Ivan Huespe is a PhD student at the Hospital Italiano de Buenos Aires in Argentina developing predictive machine learning models to estimate clinical outcomes in critical care. The award will allow him to attend workshops at Harvard Medical School, as well as an international conference in the United States. Ivan shares: “I am happy that this award will help me connect with some of the most important researchers in my area.”

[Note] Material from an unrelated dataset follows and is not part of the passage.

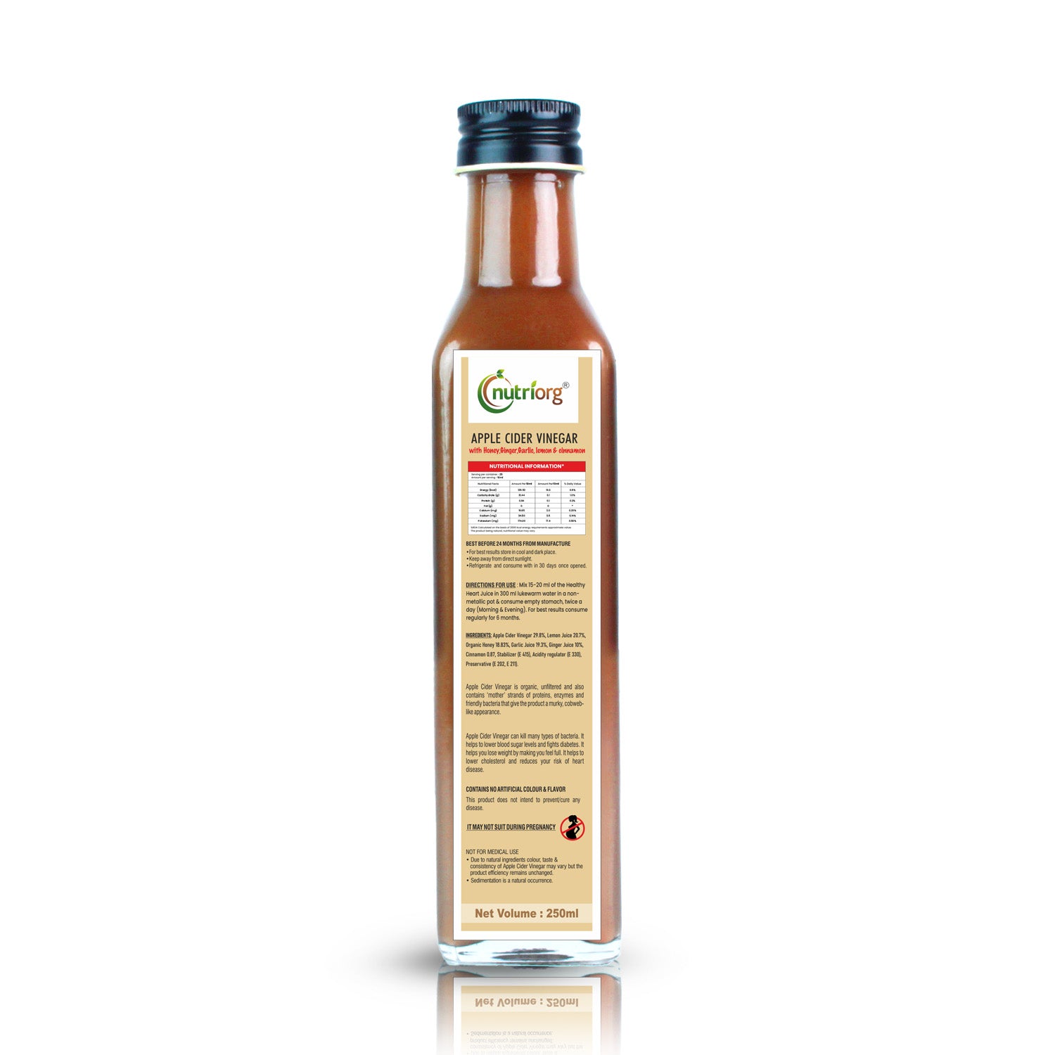 Nutriorg Healthy Heart Apple Cider Vinegar is a unique formulation of Apple Cider Vinegar with honey, ginger, garlic, lemon, and cinnamon. This concoction of ingredients is a very strategic mix as the ingredients were all used since time immemorial for improving cholesterol levels in the body. They were used to cut the stubborn cholesterol that would later lead to various bodily problems. This formula contains 5 traditional organic herbs which work in synergy with Heart Health. Nutriorg’s Healthy Heart Apple Cider Vinegar improves heart and overall health.

This year we received 123 applications that met our eligibility criteria. Each qualifying application was independently assessed by at least two reviewers drawn from representatives of eLife’s editorial board, Early-Career Advisory Group and staff. We thank all the reviewers, including Aalok Varma, Ailís OCarroll, Akira Shinohara, Andy Tay, Ashlea Shaw, Ashleigh Griffin, Aya Ito-Ishida, Bavesh Kana, Carlos Isales, Carolina Quezada, Claude Desplan, Daisy Veysey, David Donoso, Divyansh Mittal, Elizabeth Ochola, Erin Rich, Florencia Fernandez Chiappe, Florent Ginhoux, Helena Pérez Valle, John Huguenard, Joon-Yong An, Lana Sinapayen, María Isabel Geli, Maria Zambrano, Murim Choi, Rachel Tonkin, Regina Mencia, Sarah Russell, Satyajit Rath, Sofia Araújo, Subburaman Mohan and Yuxin Chen.

Image: Riko Sapto (CC BY 4.0)

We also thank all who submitted an application to the 2022 Ben Barres Spotlight Awards and congratulate the winners and runners-up. We hope to see opportunities unlocked by the award in the near future, as they have for successful applicants from previous years. We also wish all the participating researchers the best of luck in their pursuit of new findings and their careers.

The Ben Barres Spotlight Awards have been given each year since 2019 in memory of the American neurobiologist Ben Barres, a transgender researcher who advocated for equality in science and was a Reviewing Editor at eLife from 2015 to 2016. This year’s fund has been fully distributed; further funding will be available in late 2023.

* Note: Mariana De Niz is also an early-career advisor for eLife. All applications were reviewed anonymously but, to further exclude the potential for a conflict of interest, Mariana’s was reviewed exclusively by eLife editors and a staff member who is not part of eLife’s Community team. Other members of eLife’s Early-Career Advisory Group did not review Mariana’s application, nor was Mariana involved in the review of applications received this year.